Selye described the general adaptation syndrome and developed the general concept of stress and the neuroendocrine mechanisms involved, particularly the role of catecholamines and the steroids. Since that time, steady progress has been made toward working out step-by-step the biological mechanisms involved, whereby stress can lead to cardiovascular changes that cause heart attacks and stroke or have profound effects on the immune system for example, we still have a long way to go in learning the details of these mechanisms, but we know enough already to begin to see how behaviours such as smoking and high fat/high calorie diets, for 6example, affect these same mechanisms and exacerbate them and how exercise can ameliorate them. We also know that behavioural change leading to prenatal care, good nutrition, and immunisation will make the difference in improving our infant mortality rates. Furthermore, violence, teenage high-risk behaviours, and suicide are major cause of mortality and morbidity. Finally, we know that adherence to medication, especially in the adult and the elderly, remains a major problem in managing chronic diseases.

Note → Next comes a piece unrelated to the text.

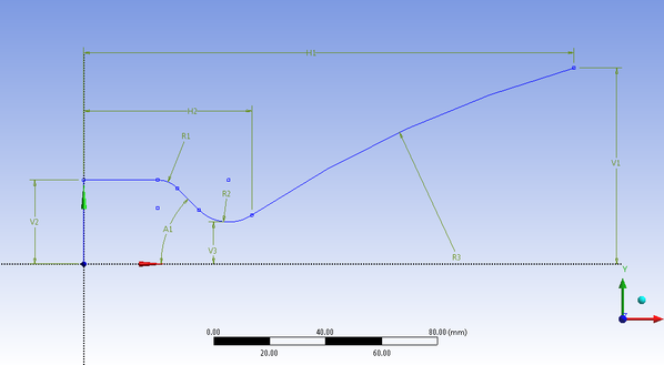 После простановки размеров, из значения устанавливаются в окне «Details View» (окно 4 на рисунке 3.2.2). Как только мы установили на нашем эскизе размер выходного сечения сопла, он появился в окне «Details View» под названием V1. Данное название можно изменить, если выбрать в области построения размер и нажать ПКМ, а затем выбрать из контекстного меню команду «Edit Name/Value» («Редактировать имя/значение размера»).

With chronic diseases such a major portion of modern medicine and so dependent on lifestyles, behaviour modification and coping strategies, health-promoting and disease-preventing behaviours become of great importance in the practice of medicine not only for their value in cost containment but also for the general welfare of our society.
 
SUMMARY
Behavioural sciences is the branch of science which can help you in understanding your patients as unique individuals. This term has been used to denote the study of human behaviour both of the individual and of groups of people, small or large. It emphasises on individual behaviour and on the application of such basic knowledge to medical and allied disciplines. Behavioural sciences draws upon various disciplines and sciences related to the study of human behaviour like psychology, sociology, anthropology, economics, and statistics.
An understanding of human behaviour is desirable in most branches of clinical practice, especially in medicine, psychiatry, community medicine, paediatrics and geriatrics. Behavioural sciences are of direct medical relevance, as in medical practice the doctor's main concern is individual patient. To understand variations in response to pain, illness, hospitalisation, and other stresses; the influence of personality and social class on illness, knowledge of normal range of behaviour should be known. Patients personalities and relationships may be important factors in the disease process and in medical care. A doctor also needs to develop communication skills to deal effectively with patients, their relatives, with colleagues-doctors, and nurses.
Psychological knowledge can be valuable in developing the effectiveness of the one's own cognitive processes. Clinical practice involves complex routines of observations, discrimination, and interpretation, acquiring and retaining factual information, of problem-solving and decision-making.
Culture shapes not only the normal behaviour but it also influences illness behaviour. Thus the patient's behaviour and his symptoms should be understood in their cultural context.
Thus the scope of behavioural sciences ranges from doctor-patient relationship to various aspects of health care such as, social class and health behaviour, developmental life cycle, psychophysical relations, social support, self efficacy, aging and bereavement.